Where a person lives will determine the access they will have to trauma care services, according to the report.  The Orlando massacre happened close to a major trauma care hospital, and ultimately helped to save more lives. The high ranking advisers of the report called on the White House to lead an effort to address the lack of fast access to top trauma care in parts of the country. The authors of the study said there is no one organization in charge of trauma care nationally, and urges the White House to establish a national system that integrates the military’s battle field expertise in civilian trauma care. “The nation has never seen better systems of care for those wounded on the battlefield,” said the authors of the report.
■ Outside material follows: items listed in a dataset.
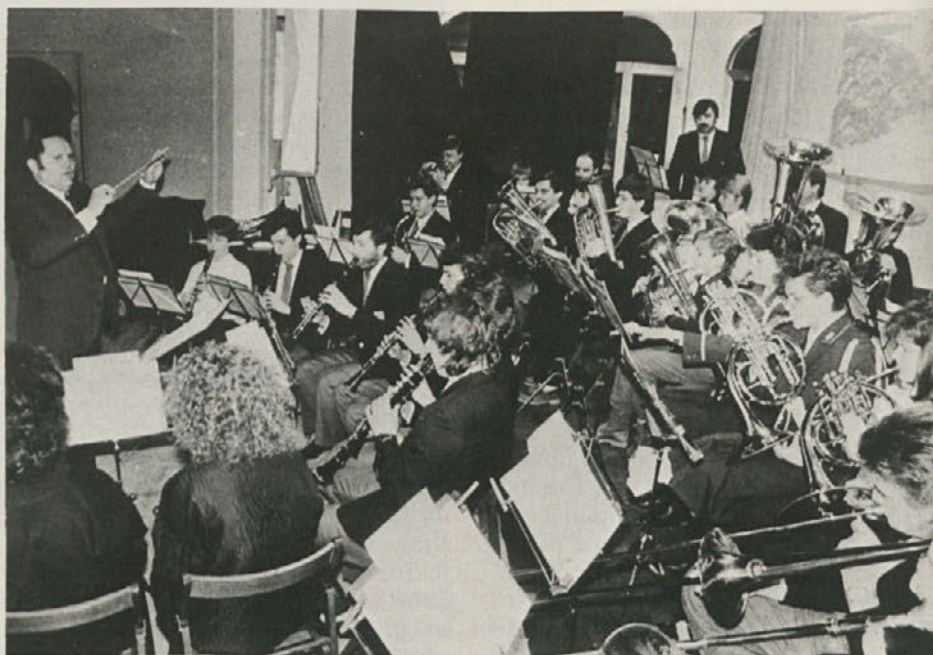
Vzhodnokraška godbeniška šola in godba «V. Parma» iz Trebč sta v nedeljo 10. januarja priredili koncert v Prosvetnem domu na Opčinah.

V tej situaciji je sleherni državljani prisiljen v samoiniciativo in torej v skrajno privatistično, partikularistično upravljanje svojih specifičnih dejavnosti oz. interesov. Pri tem so nekoordiniranost, nekomuniciranje, neizmenjava in skrajna razdrobljenost že ustaljena praksa, ki jo bo v prihodnosti vedno težje odpravljati. Popraševanje po kulturi je vedno bolj razdrobljeno; po drugi strani so ravno tako vedno bolj
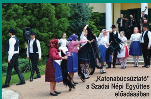
„Katonabúcsúztató” a Szadai Népi Együttes előadásában
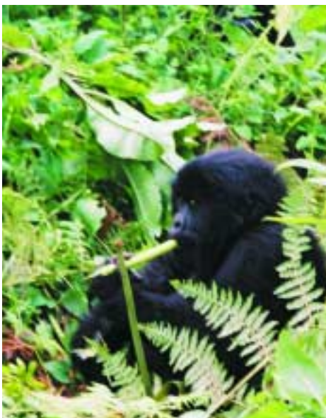
Avril 2003 : c'est l'heure de déjeuner pour la plus jeune recrue du PRC PPTE !

Le conseiller en gestion de la dette du WAIFEM, Sam Omoruyi, s'est rendu auprès de DRI à Londres du 7 au 16 avril. Ce
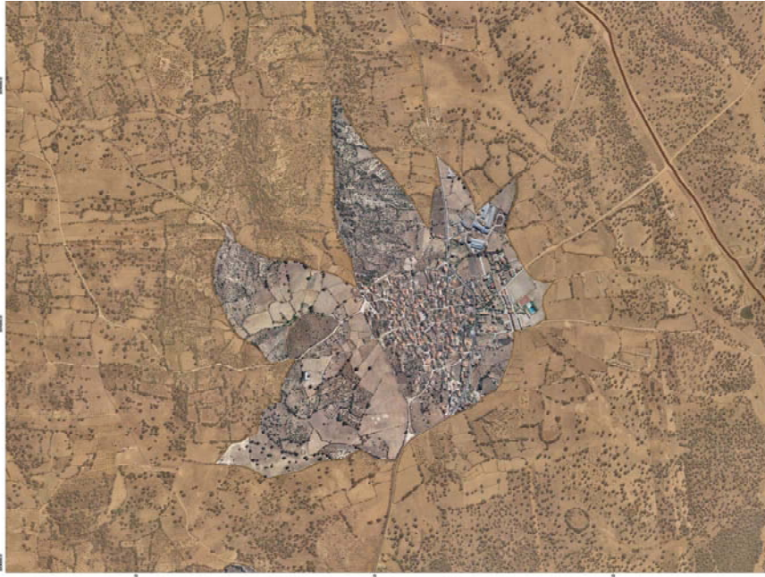
MAPA DE FIGURAS DE PROTECCIÓN Y BIENES DE DOMINIO PÚBLICO DEL T.M. DE PARRILLAS Límites en el entorno del casco urbano
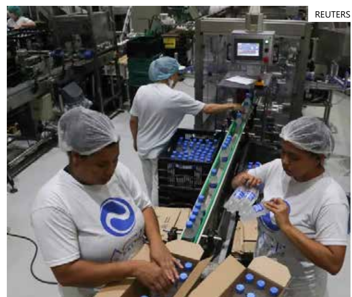
Setores de cadeia produtiva longa serão mais beneficiados

entes federativos e, principalmente, estados e municípios que são afetados de formas diferentes, dependendo da região. Acho que o consenso é possível, parece estar próximo e vai oportunizar que o Brasil esteja num estágio avançado de crescimento econômico", concluiu.
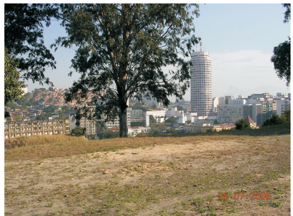
Vista do Parque
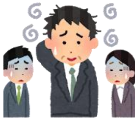
新人の育成法などを知らない上司
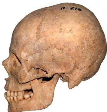
Рис. 26. Череп женщины (20-25 лет) из погребения 216, раскоп-II могильника Маячный бугор (колл. номер: 78-33)
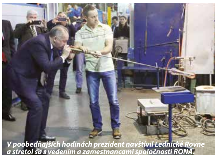
V poobedňajších hodinách prezident navštívil Lednické Rovne a stretol sa s vedením a zamestnancami spoločnosti RONA.
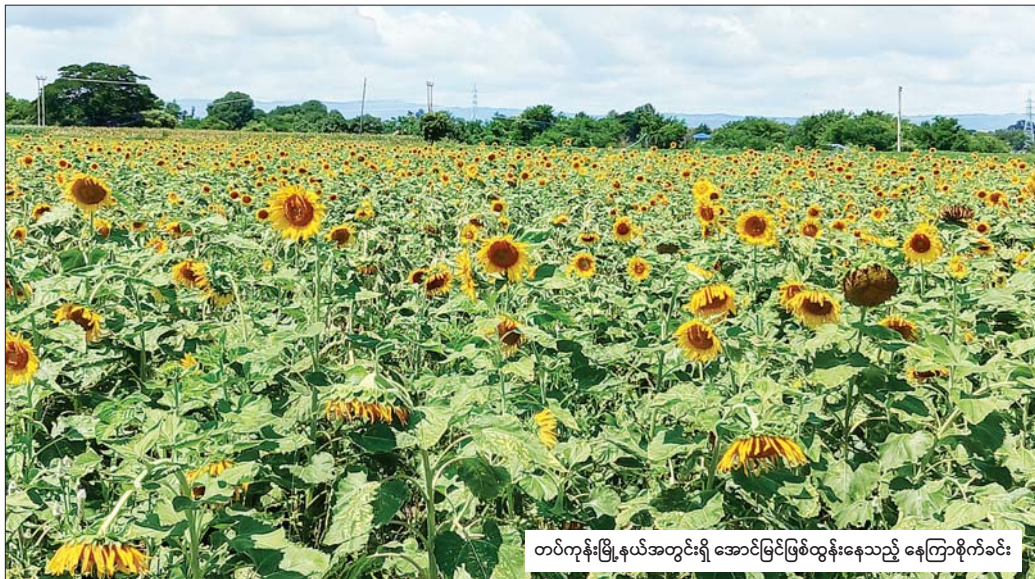
တပ်ကုန်းမြို့နယ်အတွင်းရှိ အောင်မြင်ဖြစ်ထွန်းနေသည့် နေကြာစိုက်ခင်း

နေပြည်တော် စက်တင်ဘာ ၂ ပြည်တွင်းစားသုံးဆီ ဖူလုံရေးအတွက် တိုင်းဒေသကြီးနှင့် ပြည်နယ်အသီးသီးတွင် နေကြာ သီးနှံ ဧကသုံးသန်းကျော် စိုက်ပျိုးသွားရန် လျာထား ဆောင်ရွက်လျက်ရှိရာ ယခုနှစ်က နေကြာသီးနှံဧက ၁ ဒသမ ၀၈ သန်း စိုက်ပျိုးခဲ့ပြီး ယခုနှစ်ဆောင်းရာသီ တွင် ဧက ၁၄၇၀၀ တိုးချဲ့စိုက်ပျိုးသွားမည်ဖြစ် ကြောင်း စိုက်ပျိုးရေး၊ မွေးမြူရေးနှင့် ဆည်မြောင်း ဝန်ကြီးဌာနမှ သိရသည်။ နေကြာသီးနှံသည် ဆီထွက်သီးနှံများတွင် စိုက်ပျိုး ရသော မျိုးစေ့ပမာဏနှင့် ထွက်ရှိသော မျိုးစေ့ပမာဏ အချိုးအစားမြင့်မားခြင်း၊ တိုင်းဒေသကြီးနှင့် ပြည်နယ်များတွင် ကာလတိုအတွင်း တိုးချဲ့စိုက်ပျိုး ရန် အလားအလာကောင်းခြင်း၊ အခြားဆီထွက်သီးနှံ များနှင့် နှိုင်းယှဉ်ပါက ဆီထွက်ရာခိုင်နှုန်း ပိုမိုများပြား ခြင်း စသည့်အားသာချက်များကြောင့် တိုးချဲ့စိုက်ပျိုး ရန် ဆောင်ရွက်နေခြင်းဖြစ်သည်။ “ဆီထွက်သီးနှံ နေကြာဧက သုံးသန်းကျော် စိုက်ပျိုးဆောင်ရွက်ဖို့အတွက် စီမံဆောင်ရွက်လျက် ရှိပါတယ်။ စာမျက်နှာ ၃ ကော်လံ ၁ ❖
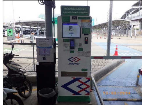
ตู้จ่ายบัตรจอดรถ (Ticket Booth) (ต่อ)
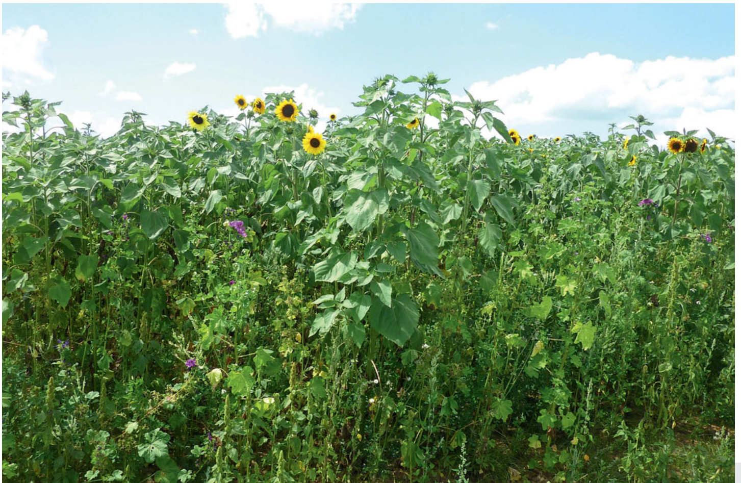
Bild 1: Die Wildpflanzenmischung (heimisch) im 1. Standjahr ist geprägt von Malven und Sonnenblumen.

Darunter leiden die Wildtiere der Agrarlandschaft wie z.B. Feldhase und Rebhuhn ebenso wie zahlreiche andere Vogelarten und Insekten. Ein besonderes Problem für die Honigbiene ist der Mangel an Blütentracht im Sommer. Schließlich sind großflächige Monokulturen dem Image der Landwirtschaft in der Bevölkerung eher abträglich.

The aim is to have a national trauma care system with “zero preventable deaths after injury and minimal trauma-related disability.”

The report findings found that nationwide:

  • Trauma is the leading cause of death for Americans under the age of 46, and cost $670 million in medical care expenses and lost productivity in 2013 alone;
  • Civilian trauma care is provided through a patchwork of trauma centers with varying results.
  • Two thirds of Americans have access to the most advanced Level 1 trauma care center, similar to the Orlando Regional Medical Center, within an hour by land or air.
  • Only 1 in 4 rural residents have this access, compared to 90 percent of those in urban areas.
  • Optimal trauma care may have reduced the 147,790 deaths in the United States by 20 percent in 2014—nearly 30,000 may have been preventable.
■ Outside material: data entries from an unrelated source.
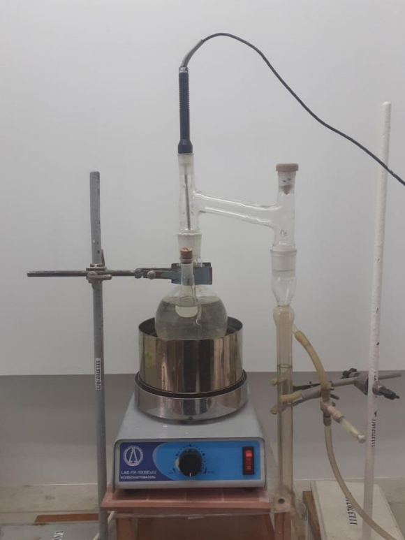
Установка для дослідження процесу випарювання
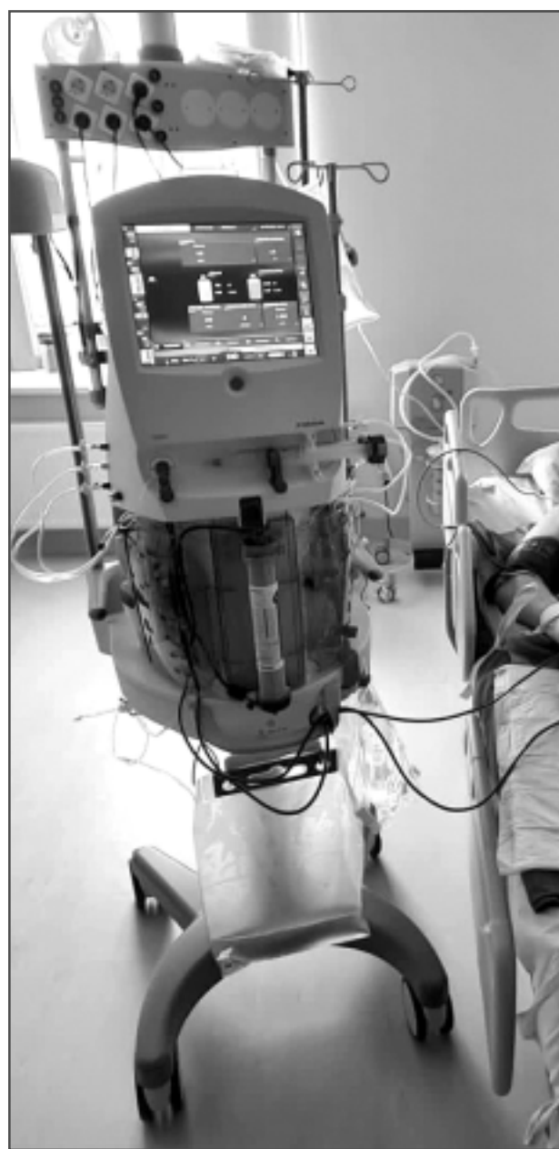
Jaunā iekārta. Nepārtrauktās nieru aizstājterapijas iekārta "OMNI" iegādāta no SIA "B.Braun Medical", kas veica arī praktiskās apmācības nodaļas personālam.

Jaunā iekārta "OMNI" sniedz iespēju piedāvāt pacientiem jebkura veida terapiju, kad tā nepieciešama, neatkarīgi no smaguma pakāpes stāvokļa. Mediķu darbs, kā uzskata speciālisti, tagad var ritēt operatīvāk un produktīvāk.
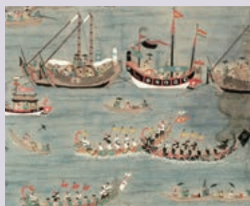
那覇港内でのハーリー競争の様子 「琉球貿易図屏風」(部分) 滋賀大学経済学部資料館所蔵
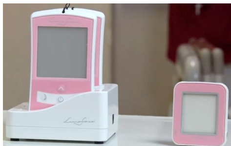
有機ELナースライト
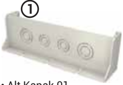
• Alt Kapak 01
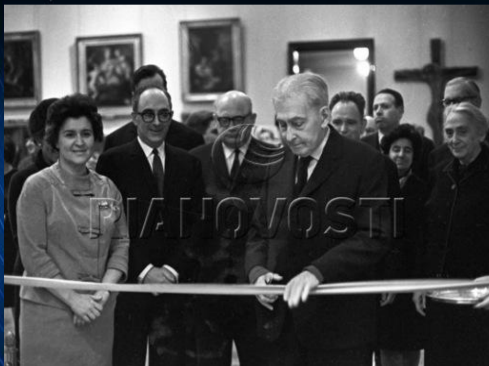
Илья Григорьевич Эренбург открывает выставку произведений Пабло Пикассо в Музее изобразительных искусств имени А. С. Пушкина.

В 1955-1957 гг. Эренбург написал ряд литературно-критических эссе о французском искусстве под общим названием "Французские тетради". В 1956 г. он добился проведения в Москве первой выставки Пабло Пикассо.
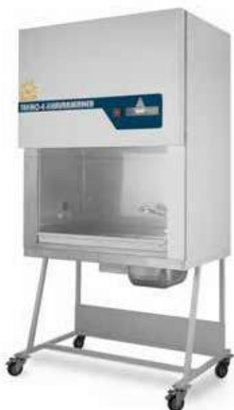
هود پاتولوژی ■ کد TKPA 120 Pathology Hood
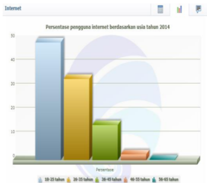
Gambar 1: Persentase Penggunaan Internet Berdasarkan Usia Pada Tahun 2014

Oleh karenanya penting bagi para pengguna internet dan media sosial untuk bisa menggunakan akun media sosialnya secara cerdas sehingga tidak tersangkut pada jeratan hukum pidana sebagaimana yang diatur dalam UU No. 11 Tahun 2008 tentang Informasi dan Transaksi Elektronik. Apalagi data yang dikeluarkan oleh Kemenko Info menunjukkan 50 persen pengguna internet di Indonesia berada dikisaran umur 18 s/d 25 tahun dan sekitar 33 persen pengguna internet di Indonesia berada pada usia 26 s/d 35 tahun (lihat gambar.1).
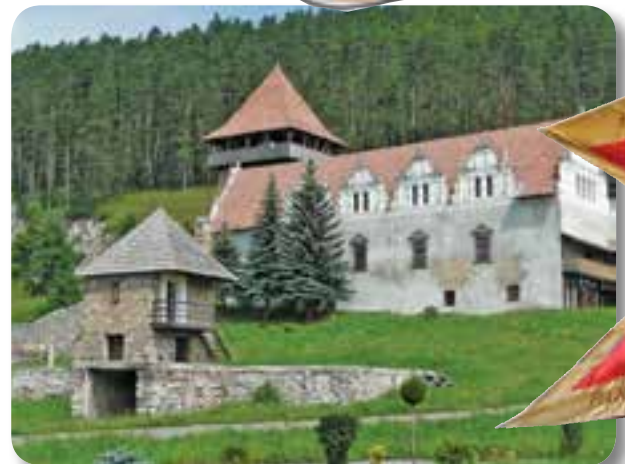
A gyergyószárhegyi Lázár-kastély
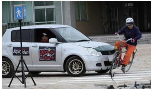
車と自転車の衝突を再現するスタントマン

11月18日、東中学校で「スケアード・ストリート教育技法」による交通安全教室が開催されました。これはスタントマンによる交通事故の再現を間近で目にすることで、生徒たちが交通安全に対する当事者意識を高めることを目的としています。生徒たちは迫力ある再現を真剣に見つめていました。
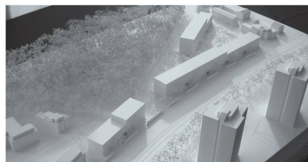
07 «Y_psihon»: Drei gradlinige Neubauten
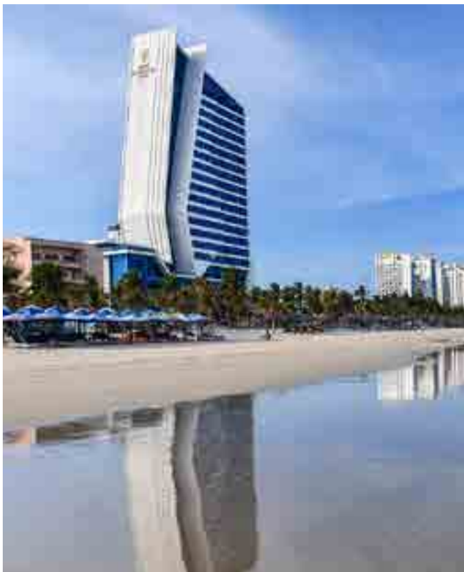
De cara al mar del Este, la ciudad tiene más de nueve kilómetros de cristalinas playas que en nada envidian a las del Caribe.

De noche, la historia es otra y la misma: Da Nang se baña de luces y los cafetines, restaurantes y centros nocturnos halan la mano del visitante, que duda entre si entrar ahora o luego de un paseo por el río Han, con esos puentes radiantes que conectan las orillas de esta urbe abierta al asombro.
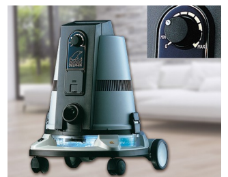
Operating element for a vacuum cleaner

The report recommends that The White House convene a consortium of federal (military and civilian) governmental, academic, professional society and private sector stakeholders to develop a framework for an improved national trauma care system. The timing is right says a lead panelist, Dr. John Holcomb, a trauma surgeon and retired Army colonel at the University of Texas Health Science Center. These issues have been debated in the past but “this time maybe the difference is we’ve just completed a big war. People are very concerned about it. We do have terrorism going on on our own soil.  We do have a civilian trauma system that although not perfect is ready to receive some of these lessons-learned,” he said.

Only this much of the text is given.